# 2015 Porsche Turbo S by Steve Cook



## Porsche (Jun 29, 2008)

i took my car to steve in florence, al to do a nice but simple stealth install in my car with 3 goals in mind, fantastic sound, stealth appearance and attention to detail. he knocked it out of the park, he kept me updated with pics etc so i knew he wasn't butchering my car, etc

if anyone is looking for a top notch technician steve is the guy, i am a perfectionist by nature and i have never felt comfortable with anyone touching my car until now, most people cut corners etc and that is not my style with my company www.avartisty.com and it clearly isn't stoves style either. i look forward to him do my macan turbo next.

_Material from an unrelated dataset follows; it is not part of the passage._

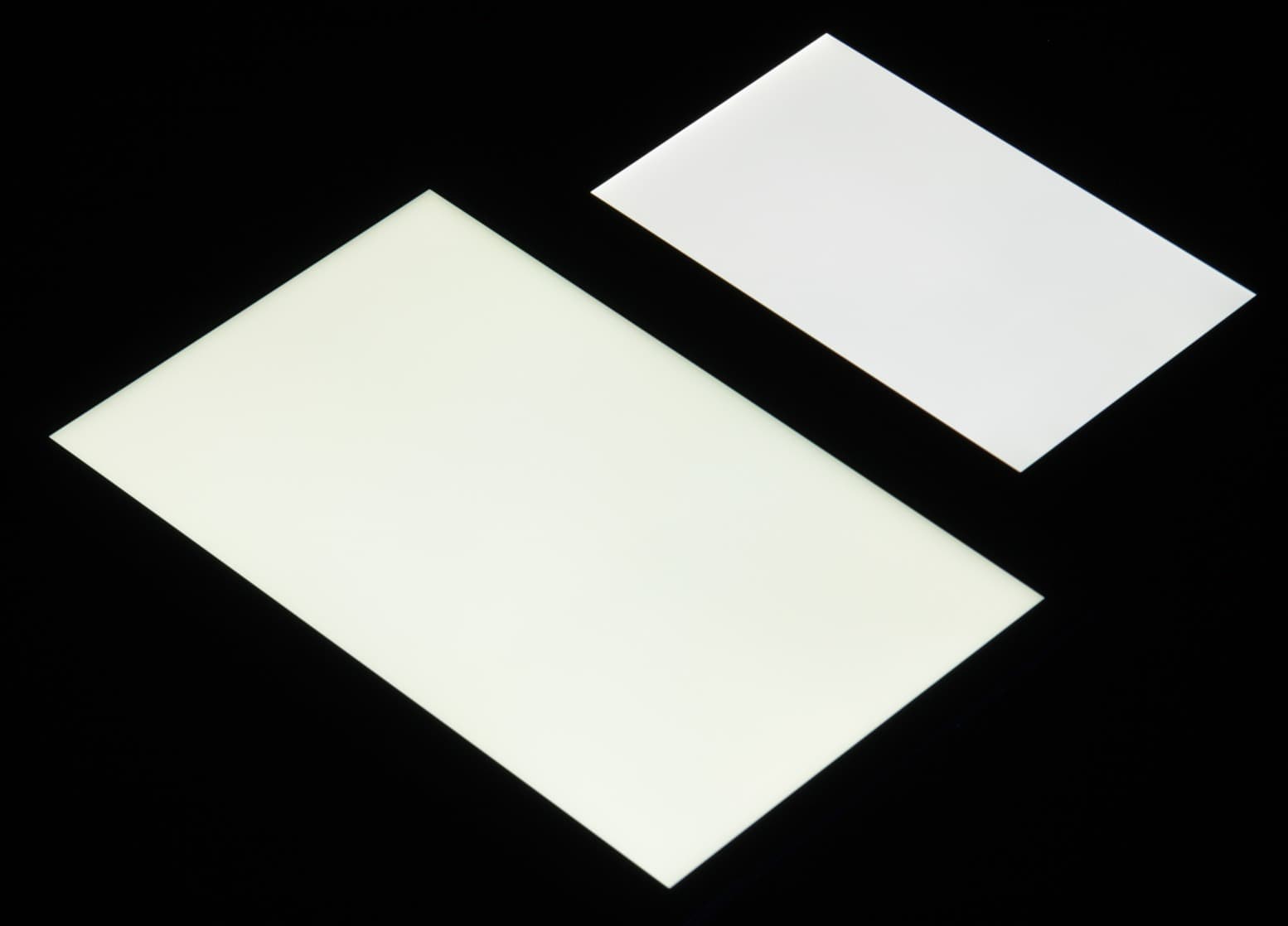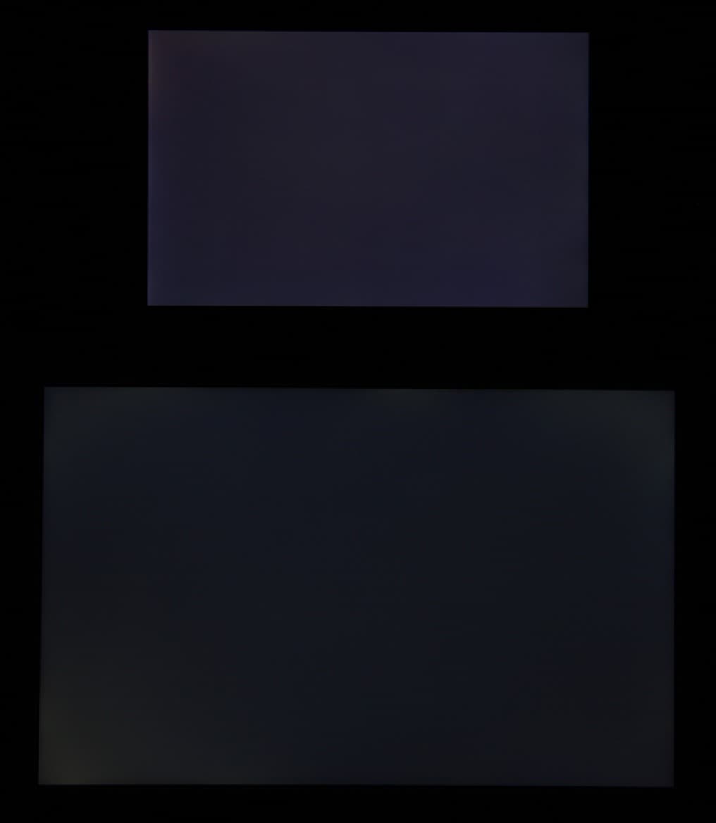 При перпендикулярном взгляде равномерность черного поля неидеальная, так местами ближе к краю яркость черного поля заметно увеличивается:

anyways, the system consist of the following:

2) zapco z150.4lx amps ran active
1) helix pro
1pr) dynaudio esotec tweeters
1pr) dyna esotar mids
1pr) dyna esotar midbass
1) jl audio 10" fiberglassed in passenger footwell
1) sounddeadending
1) tributaries reference 8 cable thru out

car sounds fantastic, images really well, cannot tell he ever touched it and he did it in a timely manner.


----------



## Barnaby (Aug 25, 2009)

Great looking install. I like the contour of the amp rack a lot.


----------



## DC/Hertz (Nov 27, 2011)

So it's your build if been drooling over. 
I was about to sign the papers back in 2012 on a cayman S when my wife called to tell me she was prego. 
I should have named my daughter Porsche.


----------



## Porsche (Jun 29, 2008)

DC/Hertz said:


> So it's your build if been drooling over.
> I was about to sign the papers back in 2012 on a cayman S when my wife called to tell me she was prego.
> I should have named my daughter Porsche.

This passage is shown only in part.